Archive for the ‘Wireshark’ Category
Wireshark 3.0 Released
Recently, Wireshark dropped a major release which adds a few cool features (some new and some old). However outside of the new features, there is one major under the hood change this feature introduces. WireShark v3 for Windows now ships with Npcap as opposed to Winpcap that we have been used forever now. Npcap is actually part of the NMAP project which while Npcap is build of Winpcap Npcap gets a little more love in regards to up updates and being actively worked on. A while back I did a look at how Winpcap interacts with the NIC cards and captures packets, Even though Npcap is based off Winpcap I am curious to see if that underlying interaction has changed (more to come on that, or I’ll just update this blog post later on with my findings)
A few other features:
- IP Mapping has returned
- Monitor mode support for Windows wireless analysis. This is a huge one in my book, this functionality was brought over from the Npcap change.

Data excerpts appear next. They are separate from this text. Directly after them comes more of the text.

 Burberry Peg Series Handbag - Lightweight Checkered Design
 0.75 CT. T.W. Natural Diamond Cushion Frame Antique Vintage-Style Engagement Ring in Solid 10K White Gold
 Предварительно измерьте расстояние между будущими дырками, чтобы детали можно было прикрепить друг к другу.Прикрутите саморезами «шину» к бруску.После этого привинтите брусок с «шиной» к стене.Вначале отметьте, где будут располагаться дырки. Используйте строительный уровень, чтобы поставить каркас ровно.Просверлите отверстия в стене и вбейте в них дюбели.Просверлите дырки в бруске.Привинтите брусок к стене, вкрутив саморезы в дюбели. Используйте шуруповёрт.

- A few other random tidbit, bootp dissector is getting renamed to dhcp. Similar to SSL getting renamed to TLS.
- ciscodump now supports a proxy connection, I am going to need to check this out, as ciscodump utilizes the Cisco EPC capability. Which apparently I haven’t got to kick the tires on just yet. So, I think I am late to the game on this one, but proxy supports make this easier for some environments.

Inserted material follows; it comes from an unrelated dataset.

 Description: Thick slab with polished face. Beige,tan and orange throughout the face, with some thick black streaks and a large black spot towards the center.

- There are quite a bit more changes, many new protocols were added and well as even protocols were updated.
For the sake of brevity I don’t to cover everything, just a few of the pieces are find more interesting and useful.

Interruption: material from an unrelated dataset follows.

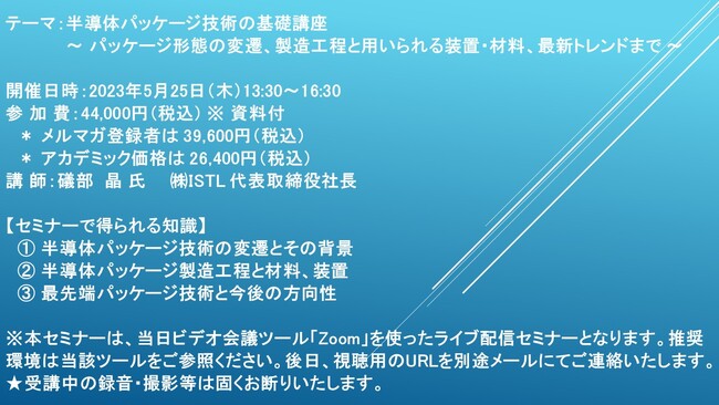 先端技術情報や市場情報を提供している(株)シーエムシー・リサーチ(千代田区神田錦町: https://cmcre.com/ )では、 各種材料・化学品などの市場動向・技術動向のセミナーや書籍発行を行っておりますが、 このたび「半導体パッケージ技術の基礎講座〜 パッケージ形態の変遷、製造工程と用いられる装置・材料、最新トレンドまで 〜」と題するセミナーを、 講師に礒部 晶 氏 ((株)ISTL 代表取締役社長)をお迎えし、2023年5月25日(木)13:30より、 ZOOMを利用したライブ配信で開催いたします。 受講料は、 一般:44,000円(税込)、 弊社メルマガ会員:39,600円(税込)、 アカデミック価格は26,400円(税込)となっております(資料付)。

Link to the Wireshark release notes page.
Wireshark Tid-bit: De-crypt SNMPv3 in Wireshark
I recently found myself troubleshooting some SNMP connectivity between a particular set of devices and an NMS. Connectivity did not appear to be the problem as IP Connectivity was there and MIB walks were successful, however some interesting errors were still getting reported on the NMS. As I captured the packets to verify this connectivity, I said to myself ‘If only I can see what the NMS was asking for specifically and what device in question was replying back with’. This led me to check out the SNMP protocol settings in Wireshark, I mean Wireshark can de-crypt HTTPS traffic (with the private key) and wireless WPA traffic surely it can de-crypt SNMPv3. Behold it was true!! I was able to de-crypt SNMPv3 packets, and see what was really going on.
To add SNMPv3 information into Wireshark:
Access your Wireshark preferences: Edit -> Preferences -> Protocols -> SNMP
Where you see ‘Users table’ choose edit:
From here we can enter the SNMPv3 settings we need:
- Engine ID
- SNMP USer
- Authentication & Password – MD5 or SHA1
- Privacy & Password- DES, AES-128, AES-192, or AES-256
Once you enter the correct information and choose ‘ok‘ Wireshark will automatically de-crypt any relevant packets.
I feel like this is something I should have known about for a while now, but I supposed I don’t find myself troubleshooting SNMP connectivity too often. Figured I would get the word out there!
Wireshark Certified Network Analyst !!
Well, I finally took the time to buckle down and take the WCNA – Wireshark Certified Network Analyst. Once I finished up with the exam I can happily say I successfully past the exam which I have to admit is pretty cool. Protocol Analysis is definitely an interesting set of technologies to learn & know, it is also extremely beneficial for troubleshooting certain types of issues.
How I studied:
Having a few years a packet analysis behind me certainly helped, however the Wireshark WCNA Books from Wireshark University are absolutely fantastic!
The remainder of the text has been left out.